Наши руководители забеспокоились о «верных коммунистах», которых будто бы оклеветали, подвергли «моральному террору» чехословацкие антисоциалисты, захватившие в свои руки средства пропаганды (можно подумать, что в Праге произошел вооруженный захват почты, телеграфа и радио). Почему-то забывают при этом отметить, что эти коммунисты сами имеют возможность публично выступить с опровержениями клеветы. Правда, оправдания, например, д-ра Урвалека, бывшего Председателя Верховного суда ЧССР, звучат неубедительно — но при чем тут антисоциалисты? Он сказал все, что хотел и что мог сказать. Понятно, почему наши руководители спешат заступиться за таких, как Урвалек или Новотный: прецедент личной ответственности партийных и государственных деятелей перед народом опасен и заразителен. А вдруг и нашим придется отчитываться в деяниях, которые стыдливо называют "ошибками", "перегибами" или еще мягче и туманнее — "пережитыми трудностями героического прошлого" (когда речь идет о миллионах несправедливо осужденных и убитых, о пытках в застенках КГБ, об объявлении врагами целых народов, о развале сельского хозяйства страны и о тому подобных мелочах.
Сегодня чехи и словаки спрашивают с Урвалека и с Новотного — а завтра, пожалуй, наш многонациональный народ задаст вопрос самому Брежневу: "А чем вы занимались до… 1953 года?" — и до выяснения этого временно отстранит его от занимаемого поста…
В Варшавском письме к КПЧ пять партий ультимативно предлагают использовать для борьбы с "антисоциалистическими" силами все средства, имеющиеся в арсенале социалистических государств. Жаль только, что братские партии не уточнили, не конкретизировали, что это за средства: Колыма? Норильск? Хунвейбины? "Открытые" суды? Политические концлагеря и тюрьмы? Или всего-навсего обыкновенная цензура, внесудебные расправы вроде увольнений со службы?
И при создавшемся положения мы еще обижаемся, что в Чехословакии потребовали вывода советских войск со своей территории!
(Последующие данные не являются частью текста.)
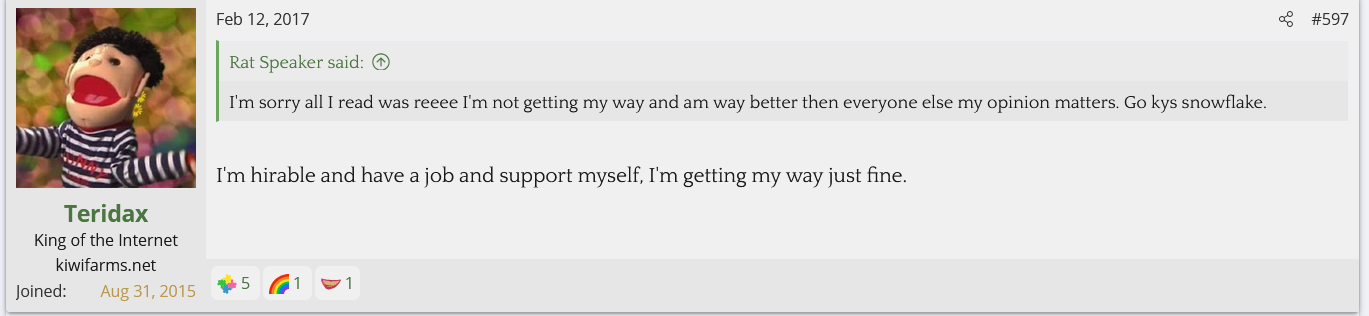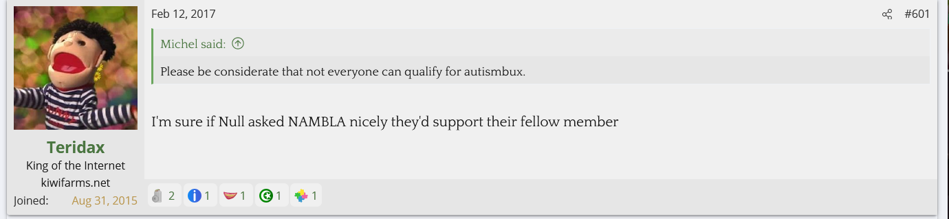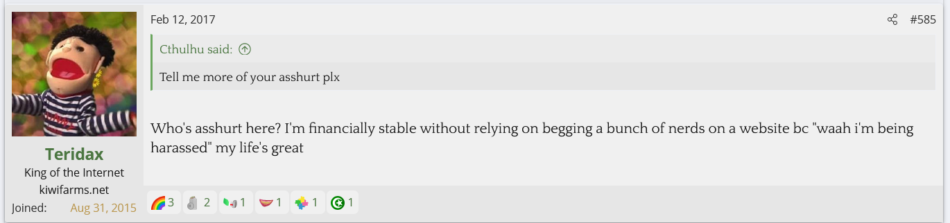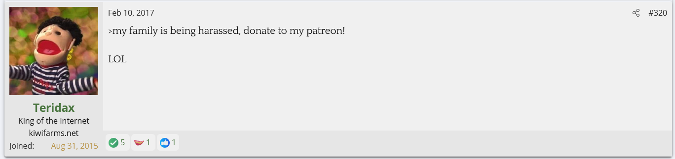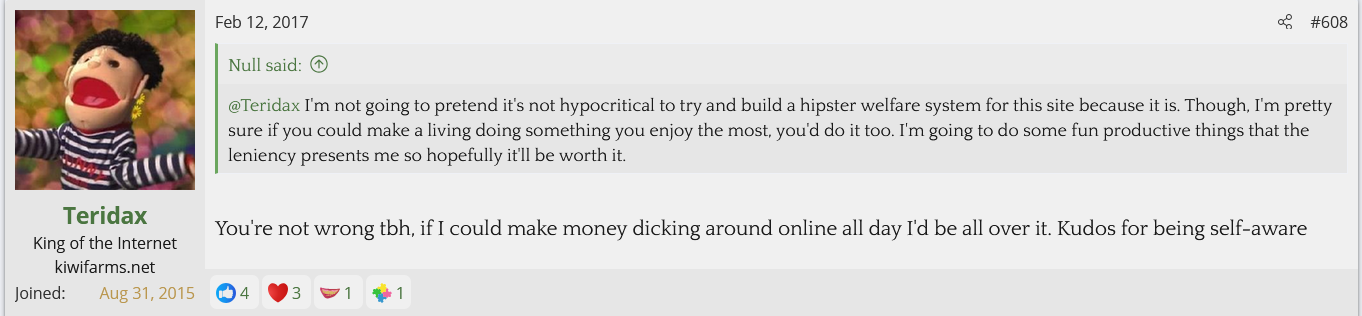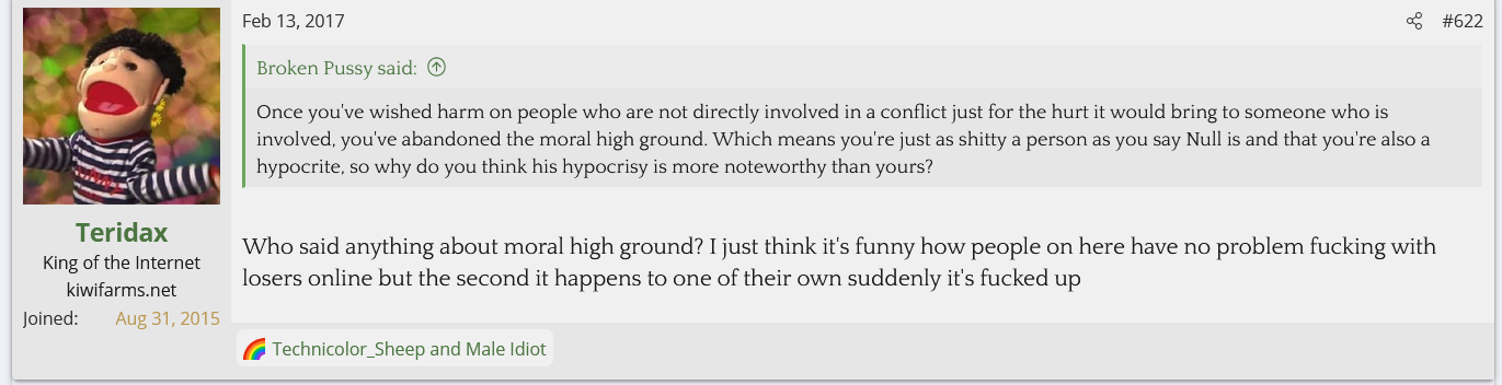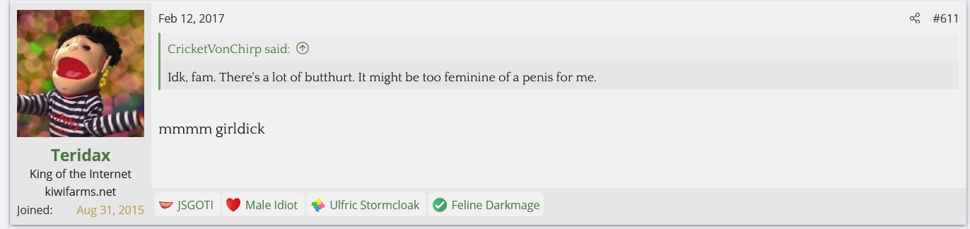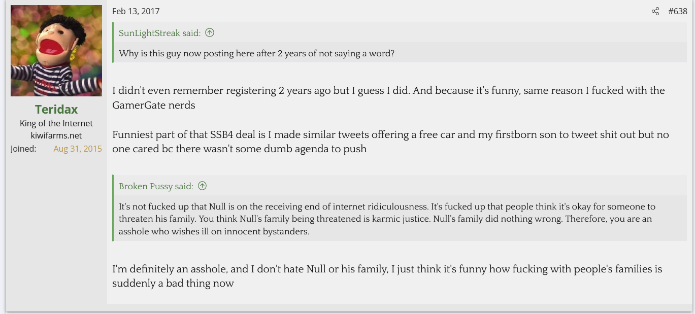 I looked into Teridax and found out he is an OG troll from the GamerGate days who's claim to fame was screwing with the anti-Zoe Quinn side and ejaculating onto a WWE figurine and apparently sending a picture of it to John Cena. Nowadays he helps the Twitter left mock and dox the Twitter right. His first posts on Kiwi Farms back in 2017 were mocking Null and his family for being doxed and harassed while calling Null a NAMBLA member. He's currently helping the BAP thread go after the BAPsphere.
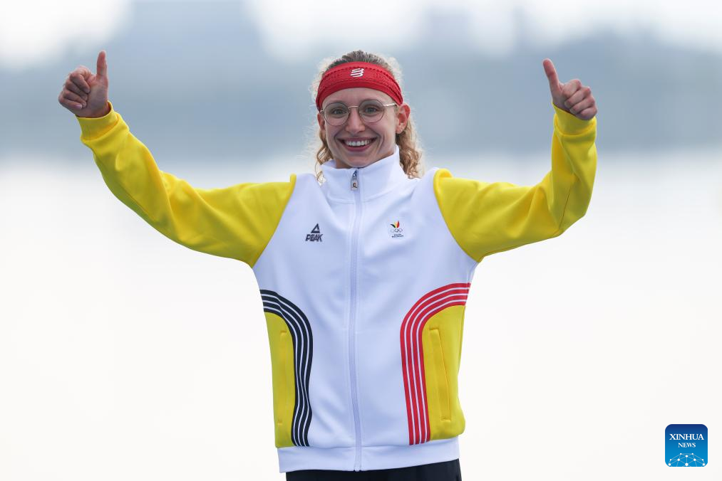 Bronze medalist Jeanne Dupont of Belglium celebrates during the victory ceremony for the Duathlon Women's Individual at The World Games 2025 in Chengdu, southwest China's Sichuan Province, Aug. 15, 2025. (Xinhua/Wang Xiang)

Да ведь после наших заявлений и резолюций наши воинские части на территории ЧССР — это уже не войска союзного государства, а угроза суверенитету страны.
В этом своем письме я хочу не только высказать свое собственное отношение к событиям, отличающееся от "единодушной" поддержки решений Пленума ЦК КПСС. Газетная кампания последней недели вызывает у меня опасения — не является ли она подготовкой к интервенции под любым предлогом, который подвернется или будет создан искусственно.
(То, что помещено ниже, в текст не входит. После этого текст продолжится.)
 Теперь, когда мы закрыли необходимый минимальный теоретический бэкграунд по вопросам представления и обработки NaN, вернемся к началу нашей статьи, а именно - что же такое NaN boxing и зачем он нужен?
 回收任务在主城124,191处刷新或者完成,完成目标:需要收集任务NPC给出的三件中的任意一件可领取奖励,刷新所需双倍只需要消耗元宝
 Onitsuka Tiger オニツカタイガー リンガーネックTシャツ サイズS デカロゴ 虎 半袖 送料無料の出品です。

Авторам писем, участникам митингов и собраний в поддержку политики ЦК КПСС мне хотелось бы напомнить, что все так называемые ошибки и перегибы в истории нашей страны происходили под бурные, долго не смолкающие аплодисменты, переходящие в овацию, под клики единодушного одобрения наших высокосознательных граждан. Послушание, как выяснилось, не самая ценная гражданская добродетель.
И еще мне хотелось бы напомнить о более древних исторических событиях: как доблестная русская армия, освободив народы Европы от Наполеона, столь же доблестно утопила в крови польское восстание. Тогда русский герой войны 1812 года Давыдов больше гордился своими подвигами в расправе над польскими патриотами, чем своими подвигами в Отечественной войне.
Мне стыдно за свою страну, которая снова выступает в позорной роли жандарма Европы.
Мне было бы стыдно и за мой народ, если бы я верил, что он действительно единодушно поддерживает политику ЦК КПСС и правительства по отношению к Чехословакии. Но я уверен, что на самом деле это не так, что мое письмо — не единственное, только такие письма не публикуются у нас. Единодушие наших граждан и в этом случае фикция, создаваемая искусственно, путем нарушения той самой свободы слова, которая осуществляется в ЧССР.
Но если бы я оказался даже один с этим своим мнением, я и тогда не отказался бы от него. Потому что мне его подсказала моя совесть. А совесть, по-моему, надежнее, чем постоянно испытывающая перегибы линия ЦК и чем решения различных сессий, принимаемые в соответствии с колебаниями этой генеральной линии.
Прошу вас принять мое уважение и сочувствие процессу демократизации в вашей стране.
СССР, г. Александров Владимирской обл.,
ул. Новинская, д. 27. Марченко А. Т.